# Required Maintenance @ 60k?



## White09RoutanS (Mar 14, 2013)

Hello guys, 

my name is Wilmer and I own a 2009 White Routan S. The road was bumpy in the beginning as I bought the vehicle certified and the VW Dealer I purchased it from never really certified it. By this, I mean that I had to go back the first 6 weeks of ownerships to get a replaced headlight, replaced front and back brakes and a bunch of other things. 

Anyways, despite my bad experience with the dealer I love my van and bring it to the dealer whenever it needs an oil change and maintenance. 

It now has 60,000 Miles but I can't find the Maintenance Schedule. I called the dealer and they told me that @ 60,000 have a schedule maintenance which consists of flushing the engine fluids and replace with new ones, rotate tires, 36 point inspection, oil change, air filter, polan filters, etc. All this for about $399 + tax. 

Does this sound like a something reasonable and also, do I need to do this maintenance? I was simply going to go for an oil change until I heard of the 60.k mile maintenance. 
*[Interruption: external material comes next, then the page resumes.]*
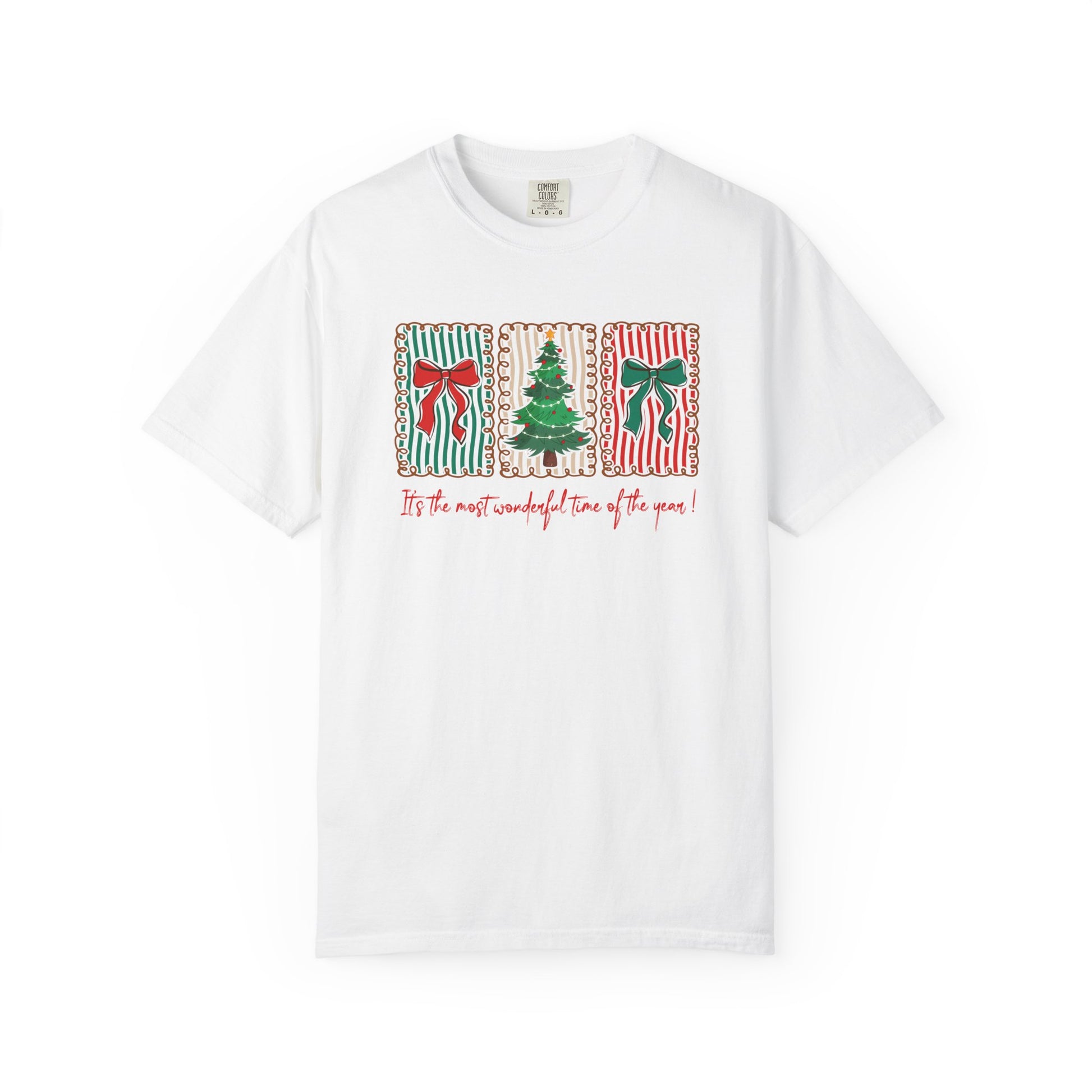 A soft, garment-dyed cotton tee with a hand-drawn holiday motif — three framed panels with bows and a small fir tree, touched with candy-cane stripes and handwritten script. The relaxed fit and medium-weight fabric drape like a favorite shirt you reach for again and again. Wear it to slow down at a tree-lighting, wrap presents by lamplight, or keep cozy with cocoa around friends. The vintage-dyed finish and sewn-in label give it a lived-in, comfortable feel that blends seasonal cheer with everyday wearability.

Your input is greatly appreciated.


----------



## Zambee500 (Jun 23, 2011)

Here's a good link: 

https://wiki.bentleypublishers.com/...-+2009+-+Jetta,+Jetta+SportWagen,+Rabbit,+GTI 

Really just a oil change w/ other filters. Bentley manual calls for the following 60k mile service for 2009 Routan: 


- oil & filter change (comment: depends completely on where you are in the current OCI based on most recent oil change). 
- rotate & balance tires (comment: depends. see above) 
- replace engine air filter 
- replace a/c air filter (a/k/a pollen filter behind lower glove box - _if applicable_) 
- Change ATF and filter if fleet or heavy duty usage such as towing** 
- Inspect brake linings 


I don't know why you wouldn't go ahead and inspect front suspension, CV joints & boots, exhaust system, etc. 

** Also, I don't think any autotragic transmission is designed for ATF to really last much past 60k miles or so. I called two VW dealerships about having it done when I hit 60k miles, and not only did they say it wasn't necessary, they both said "not recommended" as if it were a bad idea. The normal recommended interval is 120k miles, and I can't get comfortable with the thought that OEM fluid can run that long without needing a change. Just my $0.02. I have 62k on ours and I did everything listed above myself, and I plan to take it to the shop to have the transmission pan dropped and a fluid & filter change. Should get about 60% of the old fluid out and refreshed.


----------



## White09RoutanS (Mar 14, 2013)

*thank you*

I'm going to go ahead and do that. Is true what you said about the ATF. Actually, the dealer just told me that recently they added this to their 60.k maintenance. I've had two VWs in the past and both times the dealer told me that they do not touch the ATF unless it is EXTREMELY NECESSARY. I myself don't see how can fluids last so long. 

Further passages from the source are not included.